Studio Little Dumpling was founded in 2017 by Niharika Singh and Praneet Arora, a husband-and-wife team who believed visual storytelling in India could be more considered, more crafted, and more culturally intelligent than what the market routinely produced.
They started without investors, without a marketing budget, and without a business development team.
Four years later, the studio has built a client roster that reads less like a portfolio and more like a directory of India’s most significant brands and platforms: Netflix, Amazon Prime Video, Vogue, GQ, Cosmopolitan, Elle, Harper’s Bazaar, Gucci, Audi, Google Pay, CRED, Swiggy, Meta, Ogilvy, Dentsu, Havas, Taj Hotels, and JW Marriott, among many others.
Ninety-five percent of the business is repeat. Clients who came once and kept coming back.
In an industry where relationships are often built through access and connections, Studio Little Dumpling built theirs through the quality of what they produce.
The Invisible Architecture of Great Campaigns
Every great campaign image has a world inside it.
A set. An environment that was either discovered or carefully created from scratch.
This is production design – one of the most consistently undervalued crafts in the content industry.
Studio Little Dumpling has built its identity around this invisible but essential discipline.
The studio operates a fully in-house production design capability, taking creative briefs from concept to three-dimensional reality without relying on external vendors. Their inventory includes custom-built set pieces, structural elements, luxury and industrial props, furniture, fabrics, carpets, and soft furnishings accumulated across years of production.
They also create detailed 3D renders before a single piece of timber is cut, allowing clients to walk through environments digitally before they exist physically.
Design thinking, physical infrastructure, rendering technology, and end-to-end execution under one roof is a combination that remains genuinely rare in the Indian market.
More Than a Production House
The studio’s capabilities extend far beyond set design.
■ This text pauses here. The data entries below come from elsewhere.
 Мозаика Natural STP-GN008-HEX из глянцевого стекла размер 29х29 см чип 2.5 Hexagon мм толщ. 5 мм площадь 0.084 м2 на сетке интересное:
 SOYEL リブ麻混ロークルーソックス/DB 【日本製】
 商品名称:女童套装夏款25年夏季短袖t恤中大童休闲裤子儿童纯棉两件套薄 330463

Their services span TVCs, DVCs, short films, branded documentaries, OTT promotional content, magazine editorials, product campaigns, corporate films, social media content, and branding solutions. They have executed productions across India as well as Thailand, the Maldives, and Singapore.
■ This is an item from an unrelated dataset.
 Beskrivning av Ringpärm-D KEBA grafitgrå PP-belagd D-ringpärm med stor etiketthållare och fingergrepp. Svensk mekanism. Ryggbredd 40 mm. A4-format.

Alongside the studio, Niharika and Praneet also operate Little Monk Talent Management, a subsidiary representing directors, photographers, cinematographers, stylists, producers, hair and makeup artists, and AI visualisers.
The Inflection Point
India’s content economy is expanding at extraordinary speed. OTT platforms are producing at scale, D2C brands are investing heavily in premium visual storytelling, and luxury brands are finding an increasingly confident Indian voice.
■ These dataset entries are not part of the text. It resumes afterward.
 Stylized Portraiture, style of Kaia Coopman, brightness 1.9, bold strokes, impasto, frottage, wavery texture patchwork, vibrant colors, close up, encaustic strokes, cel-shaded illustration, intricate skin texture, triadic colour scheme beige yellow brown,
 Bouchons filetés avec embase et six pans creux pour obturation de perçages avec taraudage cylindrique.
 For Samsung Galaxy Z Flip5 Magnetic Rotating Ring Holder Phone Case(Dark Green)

Across all these sectors, the demand for high-quality, culturally intelligent production is growing faster than the supply of studios capable of delivering it consistently.
Studio Little Dumpling has been quietly building the infrastructure to meet that demand since 2017.
The foundation is built. The reputation is established. The capabilities are documented. What comes next is scale.
The studio is approaching the kind of inflection point that arrives only once in a company’s early life – the moment when a respected insider secret begins its transition into an industry institution.
That transition will be worth watching.
A Final Note
There is a particular kind of business that the market consistently undervalues until it can no longer afford to.
The kind that is too busy doing excellent work to spend time announcing it. The kind whose clients return not out of habit but out of genuine conviction that nobody else does it quite as well.
Studio Little Dumpling has spent four years being exactly that business.
The next chapter, by all indications, will be considerably louder.
Studio Little Dumpling is a Mumbai-based full-service media, content, art, and production studio operating across India and internationally, with productions spanning Thailand, the Maldives, and Singapore. Its subsidiary, Little Monk Talent Management, represents behind-the-camera talent across film, fashion, and digital content.